Le Plan de trésorerie du mois d’octobre projette 2 076,8 milliards de francs congolais (environ 727,6 millions USD) de recettes face à 2 178,6 milliards de dépenses, soit un léger écart à combler. Au 9 octobre 2025, la Banque centrale du Congo (BCC) comptabilise 732,5 milliards CDF de recettes effectives, l’équivalent de 35 % de l’objectif mensuel.
Recettes en retrait, dépenses plus rapides : où en est l’exécution ?
Le rythme d’exécution budgétaire s’avère plus soutenu côté sorties : 1 521,3 milliards CDF déjà décaissés à la même date. La mobilisation intérieure atteint 332,3 milliards CDF pour les régies financières. Dans ce total, la Direction générale des impôts a collecté 96,5 milliards CDF, la Direction générale des douanes et accises 140,5 milliards CDF et la DGRAD 95,2 milliards CDF. Ces encaissements traduisent une montée en puissance de la fiscalité et des droits, avec un apport douanier légèrement supérieur aux autres canaux.
Les dépenses se concentrent sur la rémunération des agents et fonctionnaires, le fonctionnement des institutions et ministères, les rétrocessions aux régies financières ainsi que le service de la dette publique.

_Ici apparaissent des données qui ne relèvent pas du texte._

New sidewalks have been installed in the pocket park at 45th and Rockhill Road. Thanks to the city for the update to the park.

Cette composition reflète une priorité donnée aux charges récurrentes et aux obligations financières de l’État tout en assurant la continuité administrative.

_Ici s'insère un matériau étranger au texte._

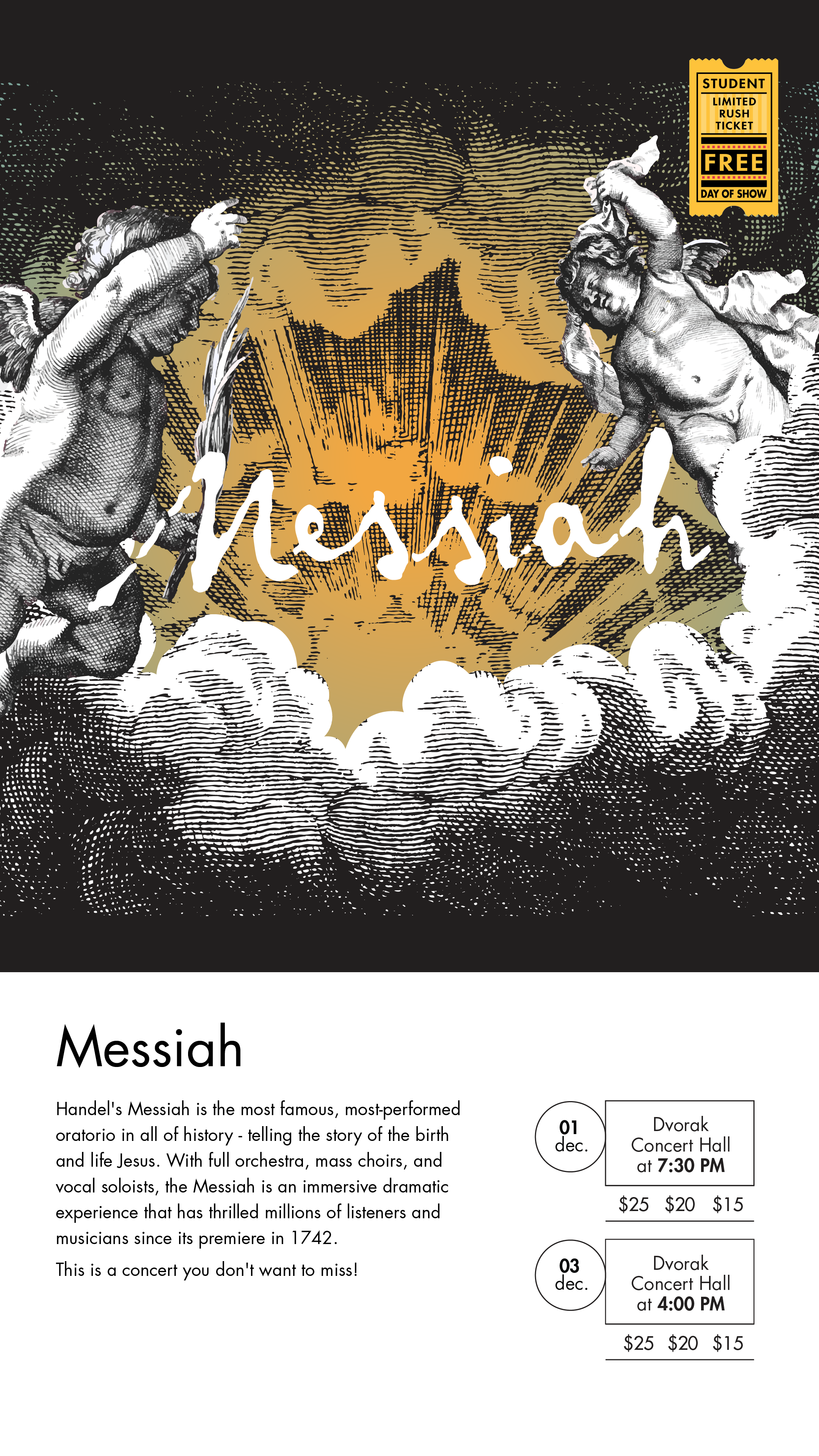 Join us for the most famous oratorio in history. Handel’s Messiah tells the story of the birth and life of Jesus, with full orchestra, mass choirs, and vocal soloists. There will be two performances of this masterpiece on Friday, December 1st at 7:30pm and Sunday, December 3rd at 4:00pm. Get your tickets now at www.doudnatix.com.

La trajectoire de fin de mois dépendra du relais des recettes fiscales et parafiscales. Pour respecter la cible de 2 076,8 milliards CDF et contenir l’écart avec les dépenses prévues à 2 178,6 milliards CDF, l’accélération de la collecte au cours des prochaines semaines sera déterminante pour l’équilibre budgétaire et la stabilité macroéconomique.